Troisièmement, et corrélativement, une discussion doit avoir lieu avec les fournisseurs d'accès à internet sur les raisons de l'absence de commercialisation des offres satellitaires et sur les voies et moyens d'améliorer cette situation. De tels échanges devraient avoir lieu en France mais également dans les autres pays susceptibles d'être couverts par les satellites à produire.


* 65 Le 24 octobre dernier, lors d'une séance de questions orales au Sénat, le ministre de la cohésion des territoires Jacques Mézard a indiqué que « l'Agence du numérique a commencé un travail de diagnostic, département par département, pour identifier les foyers qui ne seront pas couverts par le haut débit à cette échéance (2020) - et pour lesquels le satellite sera une solution, pour le moment - je vous prie de m'excuser pour l'imprécision : le potentiel est évalué entre 500 000 et 800 000 foyers ».

* 66 Bpifrance détenait, au 30 juin 2017, 26,4 % du capital d'Eutelsat, quand le fonds stratégique de participations regroupant six grands assureurs français en détenait 7,5 %, la China investment corporation 6,4 %, le reste étant constitué de capital flottant.

* 67 Eutelsat et Viasat sont partenaires dans le cadre de deux co-entreprises pour opérer et étendre l'empreinte commerciale du satellite KA-SAT dans l'internet à haut débit fixe et la mobilité en vol. La première entité, Euro Broadband Infrastructure, est détenue à 51 % par Eutelsat et à 49 % par ViaSat. Propriétaire des actifs satellitaires, son objet est de fournir des services de gros dans l'internet à haut débit et la mobilité à l'entité Euro Broadband Retail et aux distributeurs préexistants d'Eutelsat. Eutelsat a apporté le satellite KA-SAT comme actif à l'entité Euro Broadband Infrastructure. Eutelsat et ViaSat sont en discussion depuis plusieurs mois pour ajouter à la co-entreprise le satellite ViaSat-3, actuellement en cours de construction pour l'Europe, l'Afrique et le Moyen-Orient.

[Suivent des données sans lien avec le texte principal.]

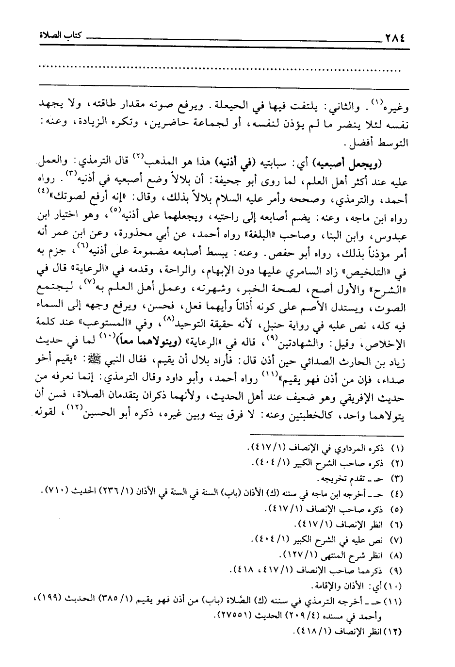 (وَيَجْعَلَ أُصْبُعَيْهِ) أَيْ: سَبَّابَتَيْهِ (فِي أُذُنَيْهِ) هَذَا هُوَ الْمَذْهَبُ، قَالَ التِّرْمِذِيُّ: وَالْعَمَلُ عَلَيْهِ عِنْدَ أَكْثَرِ أَهْلِ الْعِلْمِ، لِمَا رَوَى أَبُو جُحَيْفَةَ: «أَنَّ بِلَالًا وَضَعَ أُصْبُعَيْهِ فِي أُذُنَيْهِ» رَوَاهُ أَحْمَدُ، وَالتِّرْمِذِيُّ، وَصَحَّحَهُ، وَأَمَرَ - عَلَيْهِ السَّلَامُ - بِلَالًا بِذَلِكَ، وَقَالَ: «إِنَّهُ أَرْفَعُ لِصَوْتِكَ» رَوَاهُ ابْنُ مَاجَهْ، وَعَنْهُ: يَضُمُّ أَصَابِعَهُ إِلَى رَاحَتَيْهِ، وَيَجْعَلُهُمَا عَلَى أُذُنَيْهِ، وَهُوَ اخْتِيَارُ ابْنِ عَبْدُوسٍ، وَابْنِ الْبَنَّا، وَصَاحِبِ " الْبُلْغَةِ "، رَوَاهُ أَحْمَدُ عَنْ أَبِي مَحْذُورَةَ، وَعَنِ ابْنِ عُمَرَ: أَنَّهُ أَمَرَ مُؤَذِّنًا بِذَلِكَ، رَوَاهُ أَبُو حَفْصٍ، وَعَنْهُ: يَبْسُطُ أَصَابِعَهُ مَضْمُومَةً عَلَى أُذُنَيْهِ، جَزَمَ بِهِ فِي " التَّلْخِيصِ " زَادَ السَّامِرِيُّ عَلَيْهَا دُونَ الْإِبْهَامِ، وَالرَّاحَةِ، وَقَدَّمَهُ فِي " الرِّعَايَةِ " قَالَ فِي " الشَّرْحِ ": وَالْأَوَّلُ أَصَحُّ لِصِحَّةِ الْخَبَرِ، وَشُهْرَتِهِ، وَعَمَلِ أَهْلِ الْعِلْمِ بِهِ، لِيَجْتَمِعَ الصَّوْتُ وَيَسْتَدِلَّ الْأَصَمُّ عَلَى كَوْنِهِ أَذَانَا، وَأَيُّهُمَا فُعِلَ فَحَسَنٌ، وَيَرْفَعُ وَجْهَهُ إِلَى السَّمَاءِ فِيهِ كُلِّهِ، نَصَّ عَلَيْهِ فِي رِوَايَةِ حَنْبَلٍ، لِأَنَّهُ حَقِيقَةُ التَّوْحِيدِ، وَفِي " الْمُسْتَوْعِبِ " عِنْدَ كَلِمَةِ الْإِخْلَاصِ، وَقِيلَ: وَالشَّهَادَتَيْنِ، قَالَهُ فِي " الرِّعَايَةِ " (وَيَتَوَلَّاهُمَا مَعًا) لِمَا فِي حَدِيثِ زِيَادِ بْنِ الْحَارِثِ الصُّدَائِيِّ حِينَ أَذَّنَ قَالَ: «فَأَرَادَ بِلَالٌ أَنْ يُقِيمَ فَقَالَ النَّبِيُّ - صَلَّى اللَّهُ عَلَيْهِ وَسَلَّمَ -: يُقِيمُ أَخُو صُدَاءٍ، فَإِنَّ مَنْ أَذَّنَ فَهُوَ يُقِيمُ» رَوَاهُ أَحْمَدُ، وَأَبُو دَاوُدَ، وَقَالَ التِّرْمِذِيُّ: إنما نعرفه مِنْ حَدِيثِ الْإِفْرِيقِيِّ، وَهُوَ ضَعِيفٌ عِنْدَ أَهْلِ الْحَدِيثِ، وَلِأَنَّهُمَا ذِكْرَانِ يَتَقَدَّمَانِ الصَّلَاةَ، فَسُنَّ أَنْ يَتَوَلَّاهُمَا وَاحِدٌ، كَالْخُطْبَتَيْنِ، وَعَنْهُ: لَا فَرْقَ بَيْنَهُ وَبَيْنَ غَيْرِهِ، ذَكَرَهُ أَبُو الْحُسَيْنِ، لِقَوْلِهِ

L'intégration verticale de Viasat (il produit le segment sol, opère le satellite et se charge de la commercialisation de ses solutions internet) est un élément interprété comme lui permettant de commercialiser ses solutions dans des conditions favorables.

* 68 Les réseaux satellitaires actuellement déployés en France utilisent des stations de connexion et terminaux produits par Viasat, ce qui peut constituer une vulnérabilité du point de vue de la cybersécurité. Dans le même sens, au moins une partie des stations sol de connexion pourraient être basées en France alors que les stations Viasat utilisées par Eutelsat pour KaSat sont réparties sur l'ensemble du territoire européen, notamment en Irlande et à Chypre.